I have a couple of colleagues that run all communication through an LLM. It really helps their writing, but it does nothing to help their understanding.

It also makes me hate communicating with them because they'll (somewhat obviously) prompt the LLM to make the conclusion they want. For example, "respond to this jira with why this isn't an issue"


Yes, fully agree. Automatic communications should always be optional in the sense that you should offer that to someone but never force

Sometimes I don't feel like having to make a phone call, but sometimes I much rather talk to a human


You could have done this with Google search or Wikipedia or reading through books though


I am rereading the Asimov robot novels. A decrease in human to human interaction is a major side effect that he has foreseen. Decreasing interaction and collaboration are some of the core themes.

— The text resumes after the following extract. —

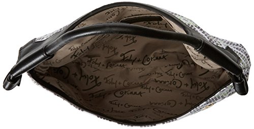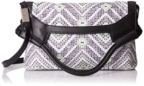 Canvas clutch featuring printed lining and leather trim, cross-body strap, and top handle
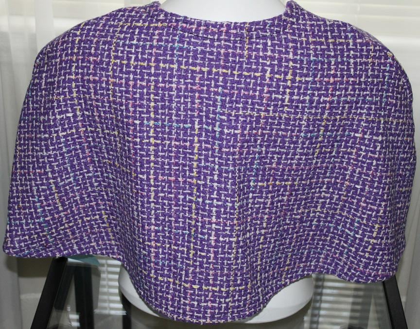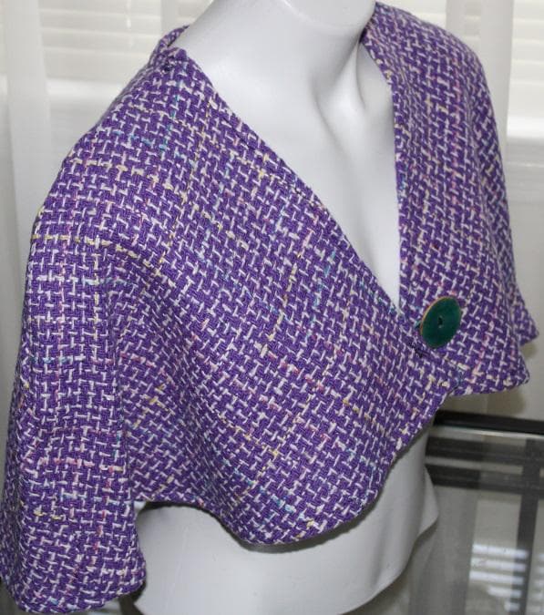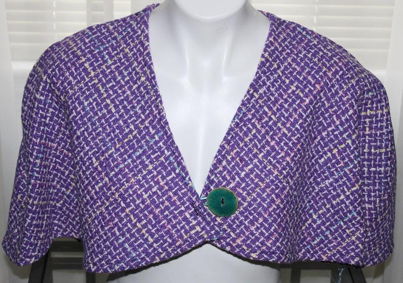 Purple Wool Tweed Capelet closes with a loop and Blue Button. Just a little something to wear over your dress, top or coat, on an evening out, casually with jeans, or to keep your shoulders warm.

Apps like Doordash have introduced me to many good restaurants which I've then visited in person.


i see what you did there :)


hahaha took me a bit to get what you meant.... Yep I've been reading LLM output a lot lately lol


It’s really really inconsistent. Sometimes select all is available, sometimes not. Sometimes the handles don’t work. Selecting text in a scrollable region is fiddly, etc.

I’ve seen an insane drop in the quality of swipe typing recently as well. To the point where I’ll often go back to regular typing. I’ve made maybe six or more corrections just to this paragraph alone.


I think swipe typing suggests words inconsistent with any higher level language model, like word tuples, when proposing words which are possible matches for letter sequences swiped.

and it drives me crazy too.

I've just had good luck it seems with text select.

Have you found any way to do a Find within a span of text on iOS? That would be very useful, but I haven't seen it.